Besides, why should I have to pay more for my ins. because some cheap *** dirtbag who doesnt have ins. crashes into me and now my ins. has to cover the damages.  

And as for checking to see whos driving a car and why they're driving it....yes, thats legal too.  Cops where I work have stopped cars for various violations, and have requested me to call the registered owner to see who is driving the car, if the owner knows where the car is, etc.


----------



## Archangel M (Apr 24, 2009)

This one will probably send some folks around the bend, but there is case law that states that an officer can run a plate...have it come back valid...run the license of the *R*egistered *O*wner...and if the RO comes back suspended or wanted (and the person operating the vehicle is the same sex and approximate age as the RO) the officer has PC to make the car stop.

From my notes;

_STATE V DONNIS: The essential facts in these appeals are undisputed. Police officers randomly entered the license plate numbers of Donis's and Gordon's vehicles, and discovered that their driving privileges had been suspended. Donis and Gordon challenged the officer's suspicionless access of the DMV information as unconstitutional under Article I, paragraph 7 of the New Jersey Constitution. One trial court found that there was no expectation of privacy with respect to the information.
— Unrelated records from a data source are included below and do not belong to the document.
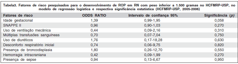 No presente estudo, os seguintes fatores de risco correlacionaram-se significativamente (p<0,05) com o desenvolvimento de ROP: idade gestacional, peso ao nascimento, escore SNAPPE II, uso de oxigenoterapia por pressão positiva de vias aéreas (CPAP), uso de oxigenoterapia por ventilação mecânica em dias, uso de múltiplas transfusões sanguíneas e uso de diurético (Tabela 2). Os demais fatores pesquisados não apresentaram diferença estatisticamente significativa entre os grupos, como demonstrado na tabela 2.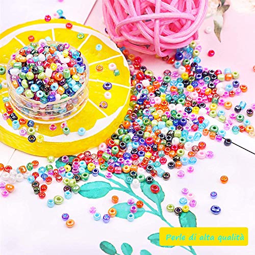 Voarge 24000 Pezzi Perline Vetro Perline Colorate, i Lavori di Fai-da-Te con Bambini, Decorazioni Fatte in Casa e per Altre Idee Ingegnose Bigiotteria (2mm 24 Colori)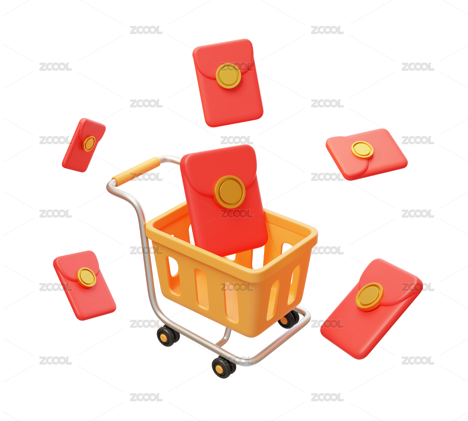 年货节购物车和年货礼物盒红包鞭炮购物车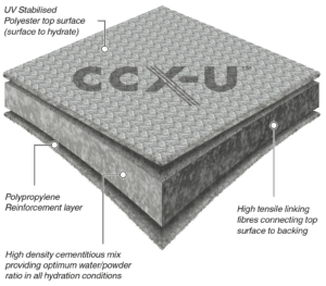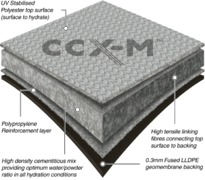 CCX® is primarily used for lining uniformly profiled erosion control applications. CCX® consists of two interconnected layers of geotextile that encapsulate a specially formulated dry concrete mix. CCX-MAT® (CCX-M®) is a variant of CCX® with an LLDPE geomembrane backing which ensures the material has very low permeability.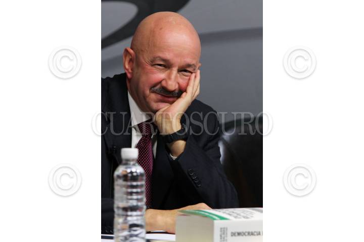 MEXICO, D.F., 15DICIEMBRE2010.- Salvador Camarena (derecha), periodista y conductor del programa radiofónico Hoy x Hoy, tercera edición, durante el programa Foro W organizado por la radiodifusora W Radio y quien a esta ocación estuvo de asistente Carlos Salinas de Gortari (izquierda), ex presidente de México (1988-1994). El ex presidente respondió preguntas del público asistente al foro y habló sobre su nuevo libro "Democracia Republicana, Ni Estado ni mercado una alternativa ciudadana". Esto se realizó en las instalaciones de esta radio al sur de la Ciudad de México. FOTO: MISAEL VALTIERRA/CUARTOSCURO.COM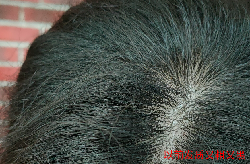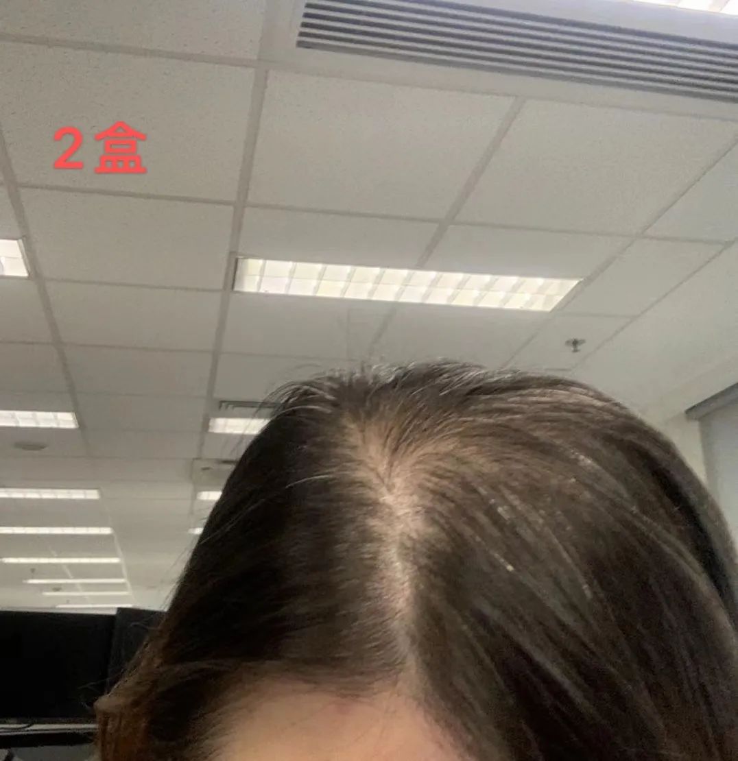 后来连续吃了两盒,发缝密了一点,发根看起来非常健康,而且更黑了,效果令人惊喜👇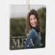 A keepsake photo ornament for an MFA graduate with words in white. It shows the degree, name, and year. The photo is square (other photo shapes may need adjusting). Customize this ornament, add it to your cart, and celebrate this major achievement for years to come.

The other found that the intrusion satisfied the reasonableness standard for searches and seizures._

_The Appellate Division consolidated the appeals and affirmed in a per curiam opinion. It held that there was no unconstitutional intrusion because the license plates are openly displayed and the records accessed by the MDT are public. The Supreme Court granted certification._

_Law enforcement officers have the right to randomly use MDTs to determine from a motorist's license plate the status of the vehicle and of the registered owner's driver's license. If that inquiry discloses a basis for further police action, then the officer may access personal information about the registered owner._


----------



## jks9199 (Apr 24, 2009)

Thesemindz said:


> Bull.
> 
> Your citation doesn't address a presumption of guilt. It addresses probable cause, and a presumption of _privacy._ If there wasn't a presumption that you would find _some _guilty people, you wouldn't waste time and resources scanning everyone who drives by. You are casting a general presumption of guilt on everyone, in the hopes that you can find some people who are specifically guilty of something.
> 
> ...


I've got to ask... what presumption of ANY sort of guilt is tied to a tag reader?  Generally, they alert the officer to the presence of a stolen car (based on tag checks), or a car with outstanding tickets/seizure orders (again, based on tag checks).  These are factual issue; a car is either stolen & present or not, it's either on the list for a seizure (boot), or it's not.  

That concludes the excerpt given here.